# TASK TO CARRY OUT
Omit the images, then repeat the listing exactly.

# RECORDED DATA
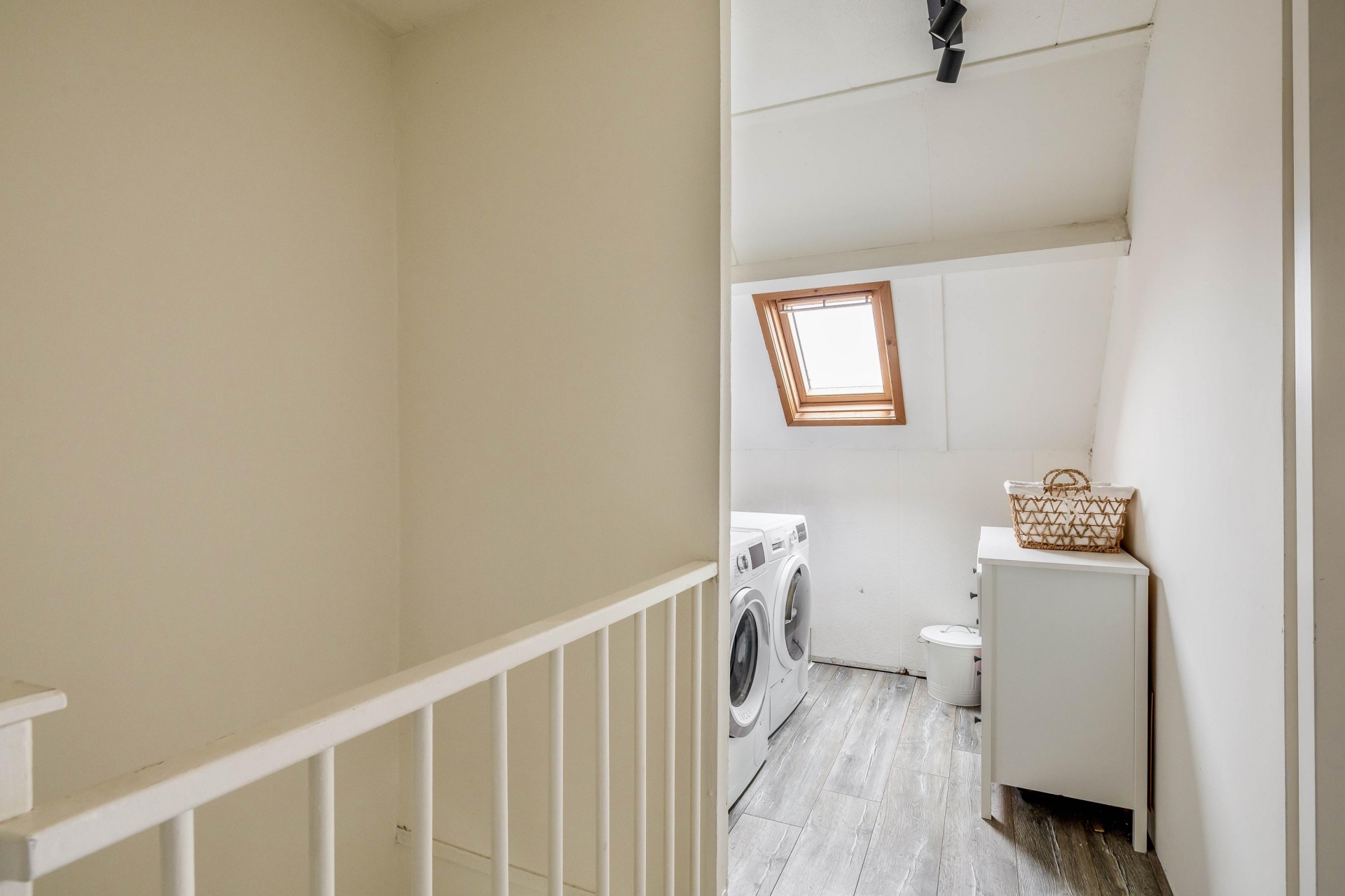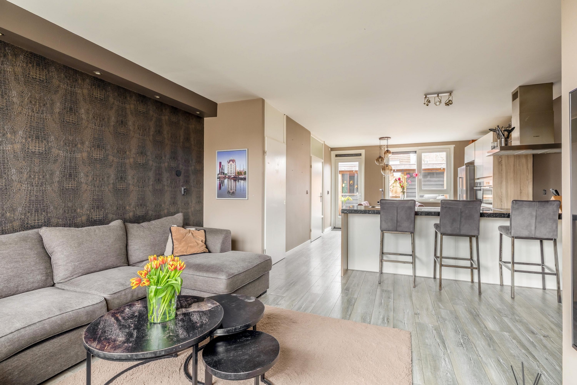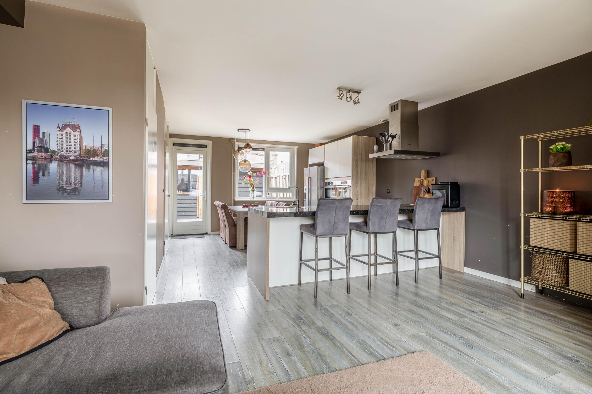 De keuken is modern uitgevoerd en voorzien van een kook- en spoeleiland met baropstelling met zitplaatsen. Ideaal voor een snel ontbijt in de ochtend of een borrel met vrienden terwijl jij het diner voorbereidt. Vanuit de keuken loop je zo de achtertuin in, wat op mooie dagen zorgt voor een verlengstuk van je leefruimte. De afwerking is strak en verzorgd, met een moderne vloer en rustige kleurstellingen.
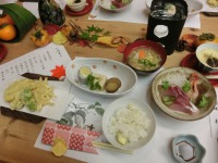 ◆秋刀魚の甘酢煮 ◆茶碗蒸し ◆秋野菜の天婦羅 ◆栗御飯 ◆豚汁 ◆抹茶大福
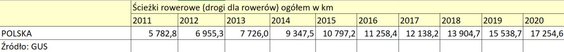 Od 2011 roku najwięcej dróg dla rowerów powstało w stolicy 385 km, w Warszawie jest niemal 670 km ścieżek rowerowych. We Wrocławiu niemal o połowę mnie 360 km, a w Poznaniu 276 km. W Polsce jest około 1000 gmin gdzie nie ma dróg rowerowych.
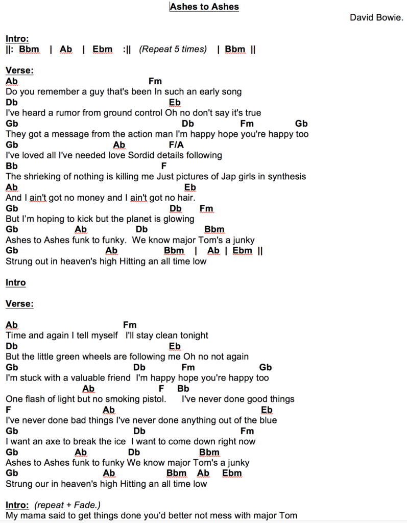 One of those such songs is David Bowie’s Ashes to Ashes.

# SOLUTION FOR THIS TASK
 De keuken is modern uitgevoerd en voorzien van een kook- en spoeleiland met baropstelling met zitplaatsen. Ideaal voor een snel ontbijt in de ochtend of een borrel met vrienden terwijl jij het diner voorbereidt. Vanuit de keuken loop je zo de achtertuin in, wat op mooie dagen zorgt voor een verlengstuk van je leefruimte. De afwerking is strak en verzorgd, met een moderne vloer en rustige kleurstellingen.
 ◆秋刀魚の甘酢煮 ◆茶碗蒸し ◆秋野菜の天婦羅 ◆栗御飯 ◆豚汁 ◆抹茶大福
 Od 2011 roku najwięcej dróg dla rowerów powstało w stolicy 385 km, w Warszawie jest niemal 670 km ścieżek rowerowych. We Wrocławiu niemal o połowę mnie 360 km, a w Poznaniu 276 km. W Polsce jest około 1000 gmin gdzie nie ma dróg rowerowych.
 One of those such songs is David Bowie’s Ashes to Ashes.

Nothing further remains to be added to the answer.